# RECORDED DATA
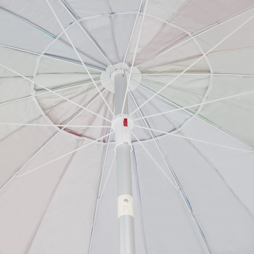 Guarda Sol de Alumínio Rainbow Mor Alt: 220 cm. Colorido Para se divertir na praia ou na piscina e se proteger do sol, alguns itens são indispensáveis. Este Guarda-Sol é ideal para quem procura por sombra e qualidade. O Guarda-Sol de 2,20 metros é fabricado com estrutura em alumínio e Poliéster. Com uma grande saída de ar, que garante maior estabilidade do guarda-sol. É articulável, de forma que sua posição possa ser ajustada de acordo com o sol. Feito em poliéster com revestimento em silvercoating, possui FPS 100.
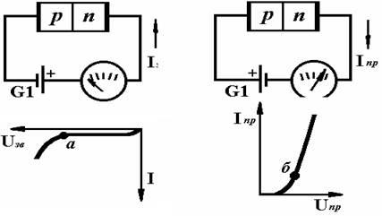 ), струм через перший перехід не протікатиме, оскільки електричне поле цього джерела менше електричного поля атомів донорів і акцепторів першого (лівого за схемою) р-п
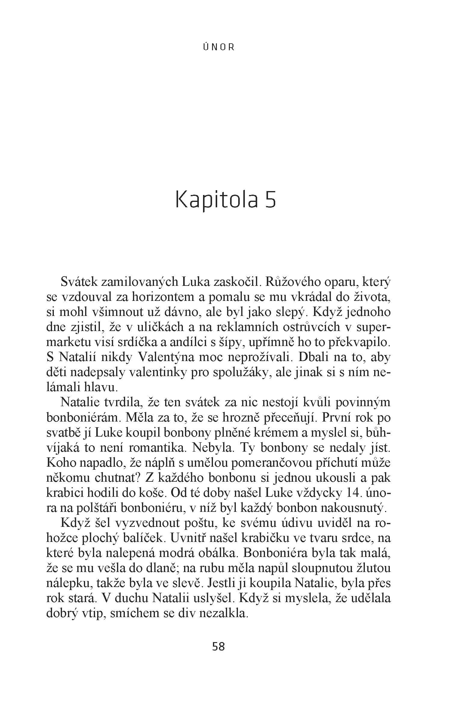 Luke si připadá v koncích. Nejenže se vyrovnává se ztrátou milované manželky Natalie, ale také se musí postarat o své tři děti. Pak mu jednoho dne začnou chodit dopisy v modré obálce, jež Natalie napsala ještě před svou smrtí a v nichž mu radí, jak má dál žít. Její nejlepší kamarádka Annie, která Lukovi pomáhá s dětmi, se obává, že jejich čtení jen prodlužuje zármutek, Luke se však nedokáže odtrhnout. A pak narazí na tajemství, které možná obrátí celý jeho dosavadní život v prach – lhala mu Natalie o jejich dětech? A kdo je ten neznámý člověk, jenž dopisy posílá?

# INSTRUCTIONS TO FOLLOW
Pictures are not part of the copy; retype all the other material exactly.

# ANSWER FOR THIS EXERCISE
 Guarda Sol de Alumínio Rainbow Mor Alt: 220 cm. Colorido Para se divertir na praia ou na piscina e se proteger do sol, alguns itens são indispensáveis. Este Guarda-Sol é ideal para quem procura por sombra e qualidade. O Guarda-Sol de 2,20 metros é fabricado com estrutura em alumínio e Poliéster. Com uma grande saída de ar, que garante maior estabilidade do guarda-sol. É articulável, de forma que sua posição possa ser ajustada de acordo com o sol. Feito em poliéster com revestimento em silvercoating, possui FPS 100.
 ), струм через перший перехід не протікатиме, оскільки електричне поле цього джерела менше електричного поля атомів донорів і акцепторів першого (лівого за схемою) р-п
 Luke si připadá v koncích. Nejenže se vyrovnává se ztrátou milované manželky Natalie, ale také se musí postarat o své tři děti. Pak mu jednoho dne začnou chodit dopisy v modré obálce, jež Natalie napsala ještě před svou smrtí a v nichž mu radí, jak má dál žít. Její nejlepší kamarádka Annie, která Lukovi pomáhá s dětmi, se obává, že jejich čtení jen prodlužuje zármutek, Luke se však nedokáže odtrhnout. A pak narazí na tajemství, které možná obrátí celý jeho dosavadní život v prach – lhala mu Natalie o jejich dětech? A kdo je ten neznámý člověk, jenž dopisy posílá?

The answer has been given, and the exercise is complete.